I don't remember any posts concerning fan noise with an Edge. You might consider replacement. It should be silent from that distance.


----------



## Deuga (Jul 6, 2020)

Mine's rather quiet. I've never thought about the noise. I had to stop and think about it to hear it. The air coming from my A/C vent in my family room makes more noise. My old Motorola DVR was annoyingly noisy in comparison.


----------



## shwru980r (Jun 22, 2008)

Tennberg said:


> I replaced an aging Premiere with an Edge cable model a couple days ago. Setup was unexpectedly easy, especially considering that I used the CableCard that had been in the Premiere since I first set it up.
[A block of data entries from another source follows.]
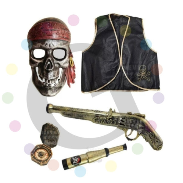 Incluye: 1 mascara de calavera, 1 chaleco, 1 pistola, 1 catalejo y 1 brújula. Talla Niño.
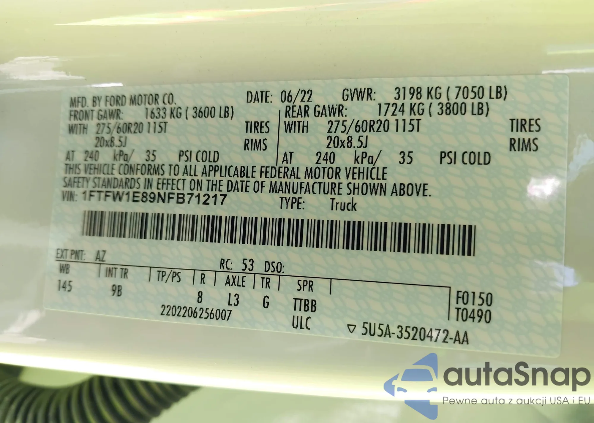 • VIN 1FTFW1E89NFB71217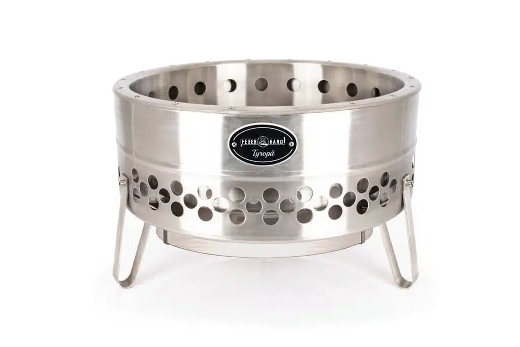 Der Tyropit ist doppelwandig aus Edelstahl gefertigt, wodurch es im Brennraum zu optimaler Sauerstoffversorgung kommt. Die herausnehmbare Ascheschale mit Funkendom minimiert den Funkenflug und ist einfach zu reinigen. Ein Hitzeschild am Boden schirmt den Untergrund zusätzlich vor hohen Temperaturen ab. Aufgebaut misst der Tyropit 62,3 (Durchmesser) mal 34,9 Zentimeter (Höhe) und wiegt 11,5 Kilogramm. Der Preis: 299,99 Euro.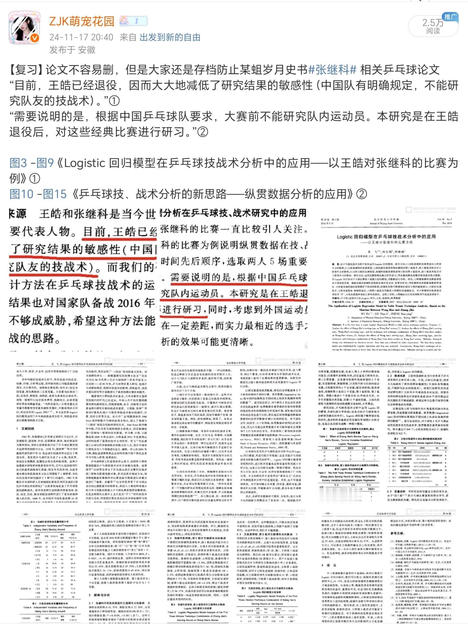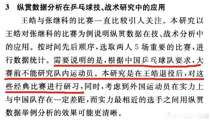 【石砸🐔叫】 是谁睡不着来聚去年的这篇了?本篇甚至不是张继科被研究的论文,而是说明队内有明确规定不能研究在役队友。运动员a及其团队的行为是铁板钉钉的违规。“目前,王皓已经退役,因而大大地减低了研究结果的敏感性(中国队有明确规定,不能研究队友的技战术)。”①“需要说明的是,根据中国乒乓球队要求,大赛前不能研究队内运动员。本研究是在王皓退役后,对这些经典比赛进行研习。”②①②分别来自这两篇论文《Logistic 回归模型在乒乓球技战术分析中的应用——以王皓对张继科的比赛为例》《乒乓球技、战术分析的新思路——纵贯数据分析的应用》

I used Comcast's activation website and was very happy that it worked on the first attempt.
> 
> The new unit is much snappier and having the extra tuners and storage is great. My one concern is that the Edge seems noticeably noisier than the Premiere. With ambient noise in the living room, I can hear the Edge buzzing from about 7-8 feet away. It sounds more like it's the fan and not the HD making the buzzing noise. Are all Edge units like this? Is it worth exchanging?


You could buy a Mini Vox and upgrade the hard drive in the Premiere for less than half the cost of the edge.


----------